А какая уютная была их общая тахта в большой старой Ленинградской квартире на Васильевском острове, в которой прошло её детство, в которой была пережита первая, самая страшная блокадная зима… Он был москвич и после свадьбы переехал жить к ней в эту квартиру. А их замечательная кровать с железной сеткой на втором этаже на даче – двое, лежащие на ней, обязательно скатывались друг к другу! Комнатка выходила на солнечную сторону, и так радостно было просыпаться в ней когда-то и смотреть сверху из окна на свой ухоженный сад! Летом ходили в походы с друзьями двумя семьями с детьми, грибы, ягоды собирали, как ни странно, муж любил собирать чернику, мужчинам это обычно несвойственно, а он любил…
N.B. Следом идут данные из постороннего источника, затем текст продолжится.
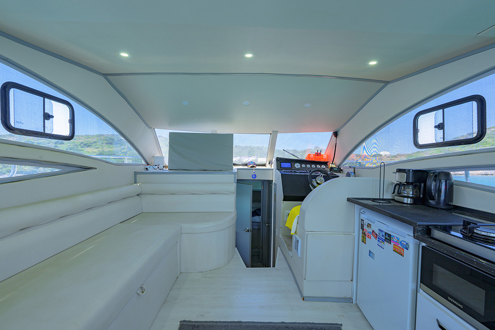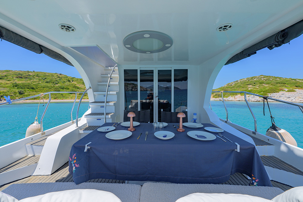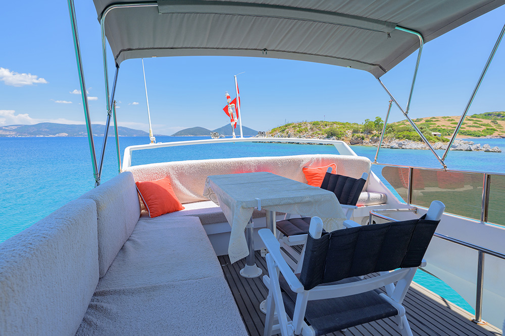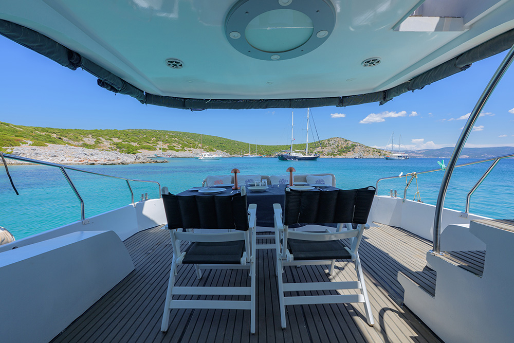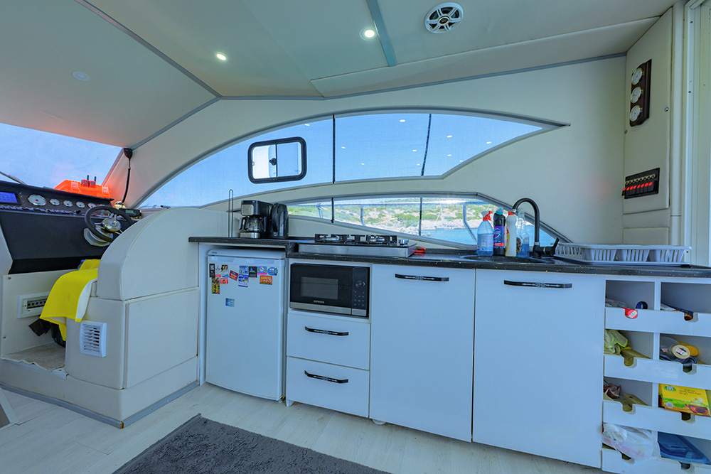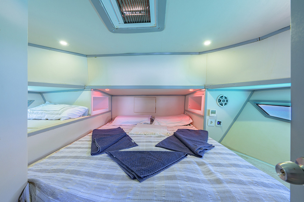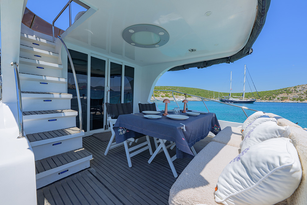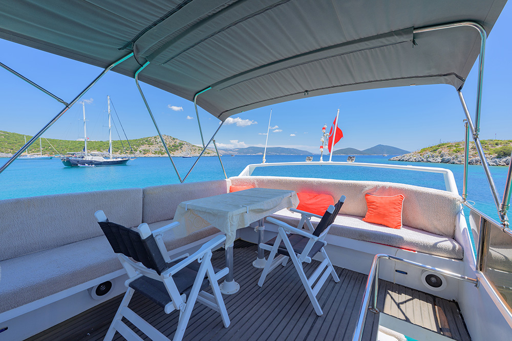 20 m., 1 master kabin, 3 double bed kabin. Aşçı, Garson, Kaptan. Teknede klima, buz makiması, su yapıcı, jeneratör vs herşey mevcuttur.

Горечь этого вспоминавшегося прошлого давно уже стала привычной, привычкой стало делать вид, что в её жизни всё отлично, что лучшего мужа, чем её, трудно себе представить. Иногда горечь даже забывалась, и довольно надолго, Тоня даже сама начинала верить, что всё у неё в жизни нормально, не хуже чем у других. А сейчас, в поезде, не отогнать никак, печальные мысли всё возвращались и возвращались…
В поезде было холодно, легко она оделась сегодня, торопилась на станцию, в чём была с огорода и поехала, плащик только лёгкий накинула, а ноги голые, так в садовых галошках и поехала, забыла переодеть. Холодно… да и подзнабливает как-то…
Стараясь переключиться, стала думать о своей жизни, вспоминать родителей, отец-то давно умер, ещё в пятьдесят пятом году, он говорил, правда, что блокадная зима с её голодом и заботами о жизни самых близких, как это ни странно, продлили ему жизнь, как минимум, лет на десять. Но матери всё равно было отпущено сильно больше, она ушла из жизни всего пять лет назад – в семьдесят восьмом. Помнится, месяца за два до кончины с ней случился парез (частичный инсульт) прямо на даче. С трудом удалось втащить её на садовую тачку и отвезти к поезду (благо жили совсем рядом со станцией). Она уже совсем старая была, вроде бы в трезвом рассудке, но в глазах стояло непонимание: что это я всё ещё здесь делаю? А память её уже давно начала сдавать: однажды, за несколько лет до смерти (она тогда ещё работала, преподавала в университете немецкий язык) вернулась с дороги на работу домой, потому что забыла, куда едет.
Мамочка… Умерла, считай, сидя за роялем, она ведь консерваторию закончила, концерты давала в филармонии, Бог знает в каком году это было. Память её сдавала, а руки помнили, играла и Шопена, и Бетховена, и Баха. Вот так, села как-то поиграть и завалилась на клавиатуру… Мамочка… А любила ли она свою дочку Тоню? Любила, наверное, но уж совсем не так, как драгоценного Женечку-Генечку – позднего своего мальчишечку, уже после сорока лет рождённого. Как трогательно родители его называли по-библейски: наш Вениамин (последнего, самого любимого сына библейского Иакова так звали). Рядом с Генечкой для матери всё бледнело и исчезало. Что уж там дочери Тоне оставалось от материнской любви, трудно сказать.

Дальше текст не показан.